Cut the potatoes in half lengthwise, then into 1/2 -inch strips. Under cool running water, rinse the potatoes to remove starch, then place them in the ice-water bath. Let sit for 30 minutes to thoroughly chill the potatoes; if making ahead, cover and refrigerate.

Meanwhile, combine the remaining ingredients in a resealable plastic bag.

Place an oven rack on the lowest position and preheat the oven to 475 degrees.

Remove potatoes from the ice-water bath and pat them dry with paper towels. Place the potatoes in the bag with the spices and oil and shake to coat evenly. Spread the potatoes in a single layer on a nonstick rimmed baking sheet.

Cover the sheet with aluminum foil and bake for 15 minutes. Remove the foil and continue baking, turning the fries occasionally until golden brown, 15 to 20 minutes more. Serve hot.

Yield: 5 servings

Approximate nutrition per serving: 160 calories, 3 grams fat (no saturated fat, 17 percent fat calories) 5 grams protein, 29 grams carbohydrate, no cholesterol, no dietary fiber, 122 milligrams sodium.

Smothered Greens

What seems like a voluminous amount of greens cooks down quickly. The turkey, which replaces the traditional pork fat, adds a surprising smokiness, and the taste of cloves is assertive. Our only tweak to this is to suggest a sprinkling of salt, if your diet permits.

Adapted from “Keep the Beat: Heart Healthy Recipes.”

2 pounds greens (about 18 cups packed; may use mustard, turnip, collard greens or kale, or a mixture)

3 cups water

1 tablespoon chopped red chili peppers (may substitute with a few drops of hot pepper sauce, such as Tabasco)

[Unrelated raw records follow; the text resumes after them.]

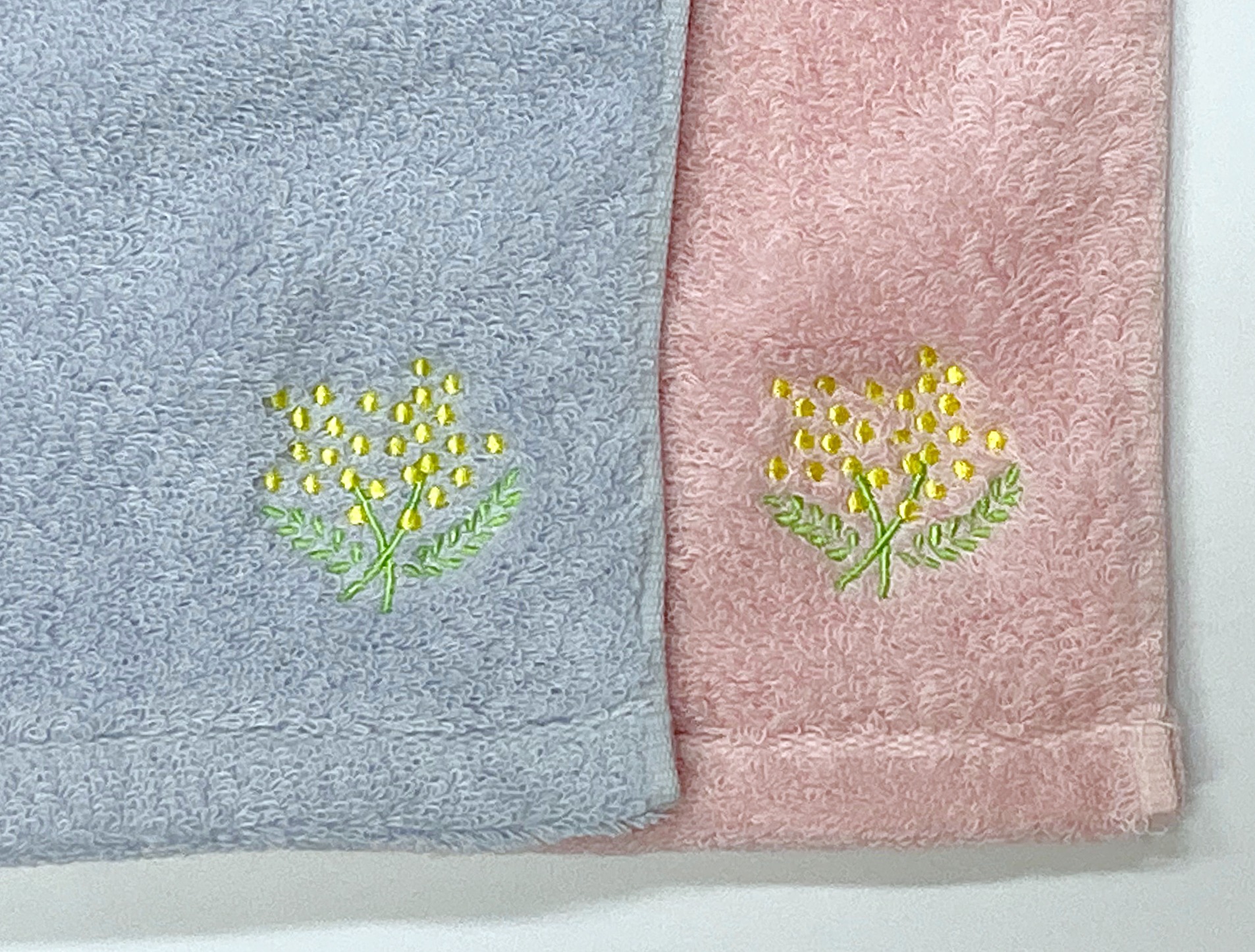 伊織ではいくつかのミモザモチーフの今治タオルをご用意しております。
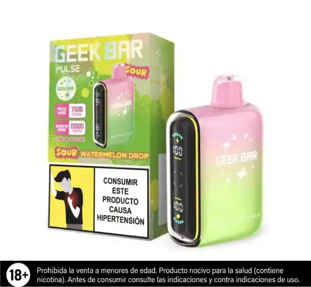 SANDIA ACIDA. Vaporizador desechable. Contiene 1 unidad con bateria recargable, recargado hasta con 15.000 puffs en modo regular y 7.500 puffs en modo Pulse. Nicotina 5% Producto exclusivo para mayores de edad, contiene nicotina, la nicotina es adictiva.
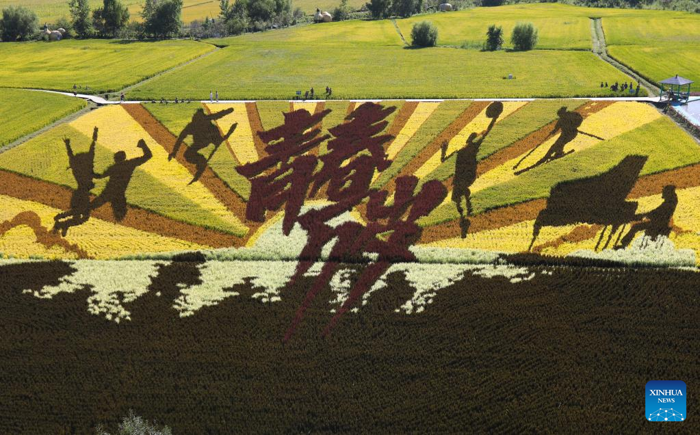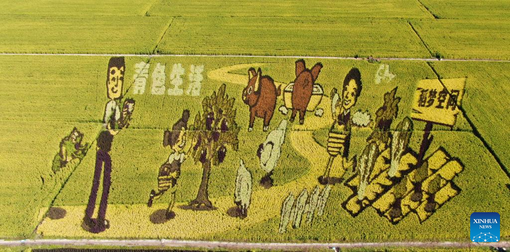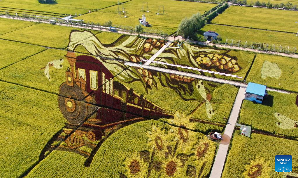 Aerial photo taken on Sept. 1, 2022 shows the graphic in the paddy field in Shenyang, northeast China's Liaoning Province. (Xinhua/Yang Qing)
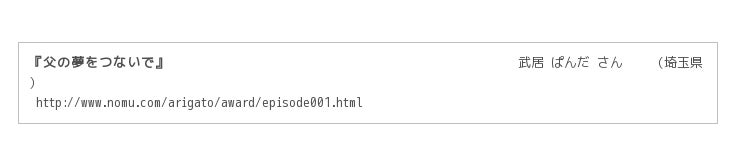 キャンペーン事務局の選考により決定した入賞エピソードを発表いたします。
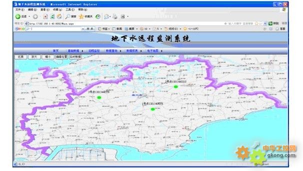 ¿ª»ú½çÃæÏÔʾµØÍ¼£¬µØÍ¼ÉÏÿ¸öµØÏÂË®¼à²âµãµÄλÖÃÒÔÔ²µãÏÔʾ£¬ºìÉ«´ú±í¹ÊÕÏ£¬ÂÌÉ«´ú±íÕý³££¬Êó±ê·ÅÖÃÔ²µãλÖÃʱ£¬ÏÔʾ¸Ã²âµãµÄˮλ¡¢Ë®ÎµÈÊý¾Ý¡£

1/4 teaspoon cayenne pepper

1/4 teaspoon ground cloves

2 cloves garlic, crushed

1/2 teaspoon dried thyme

1 scallion, chopped (both white and green parts)

1 teaspoon ground ginger

1/4 cup chopped onion

1/4 pound skinless smoked turkey breast, roughly chopped

Salt (optional)

Wash the greens thoroughly in cool water, making sure to get rid of any sand or grit. Remove and discard the stems, and dry the greens slightly with paper towels. Tear the greens into bite-size pieces and set aside.

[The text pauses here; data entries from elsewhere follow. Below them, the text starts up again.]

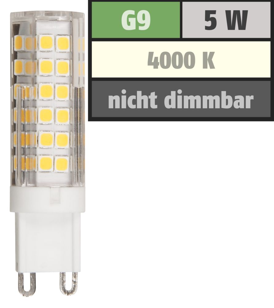 The article LED pin base lamp McShine, G9, 5W, 520lm, 4000K, neutral white is currently in stock
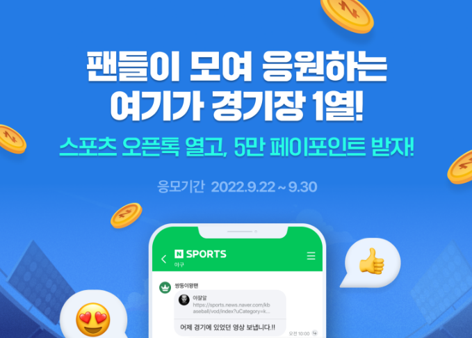 [당첨자 발표] 스포츠 오픈톡 열고, 5만 페이포인트 받자!
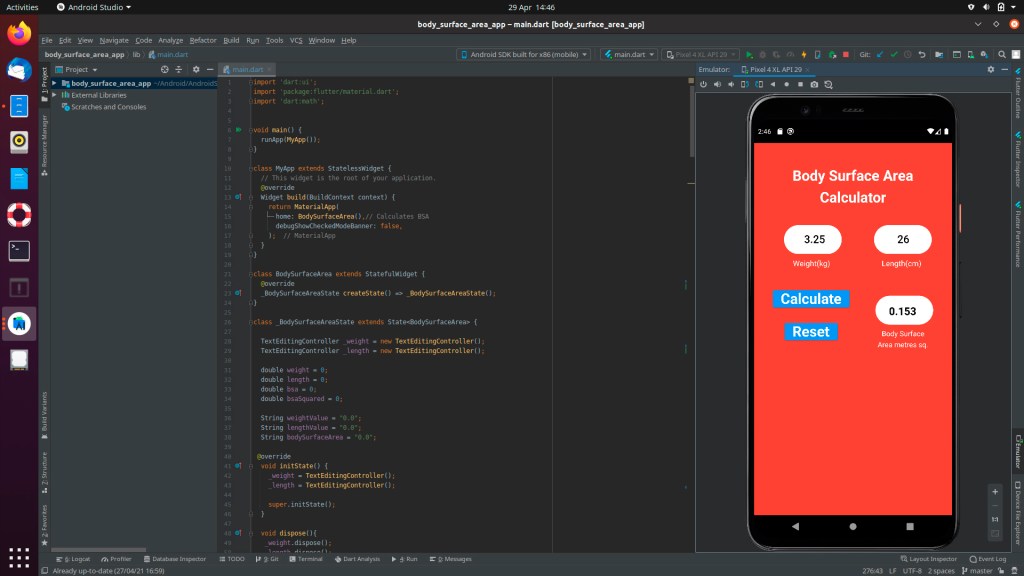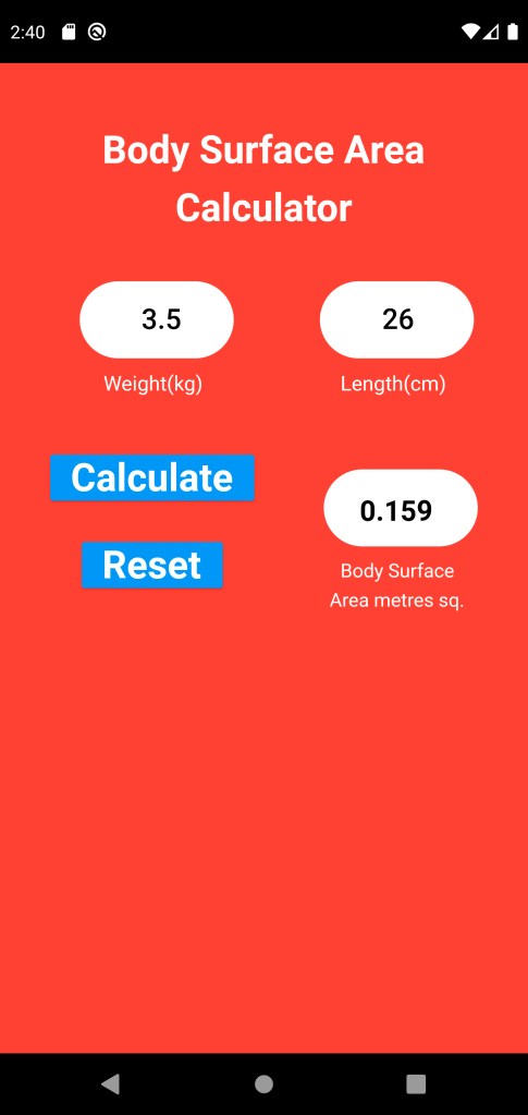 You have recently read about how I spent a bit of time studying Flutter and Dart with a free course from Udemy. The first personal project that I have commenced is to convert a medical calculations app that I initially created in Android. It included an app to calculate drug and fluid doses used in paediatric cardiac arrest, a body mass index calculator, a fluid infusion rate calculator, a body surface area calculator (used to calculate drug doses for babies), and two metric unit calculators which work in different ways (volumes and lengths). In it’s original form, the app would only work on Android devices. I wanted to present an app or a series of apps that can be used on both Android and iOS so to recreate them in Flutter would be one way of achieving that.
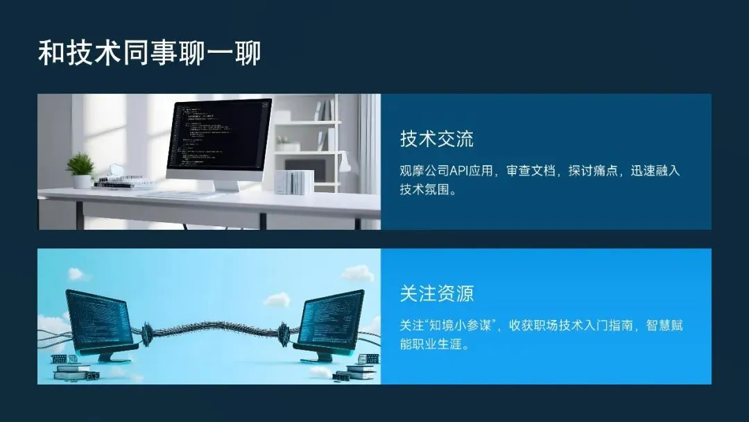 和技术同事聊一聊:请他们演示一个公司正在用的API,看看文档长什么样,问问他们最头疼的是什么。你会很快进入状态。

Meanwhile, in a large pot over high heat, bring the water to a boil and add the remaining ingredients. Once the mixture has come to a boil, add the greens. Stir to incorporate the seasonings and reduce the volume of greens, about 1 minute.

Reduce heat to low and cook, uncovered, 20 to 30 minutes, or until the greens are tender. Add salt, if desired, to taste. Before serving, discard the garlic, if desired.

Yield: 4 to 5 servings

Approximate nutrition per serving (based on 5): 87 calories, 1 gram fat (no saturated fat, 10 percent fat calories), 8 grams protein, 14 grams carbohydrate, no cholesterol, 7 grams dietary fiber, 287 milligrams sodium.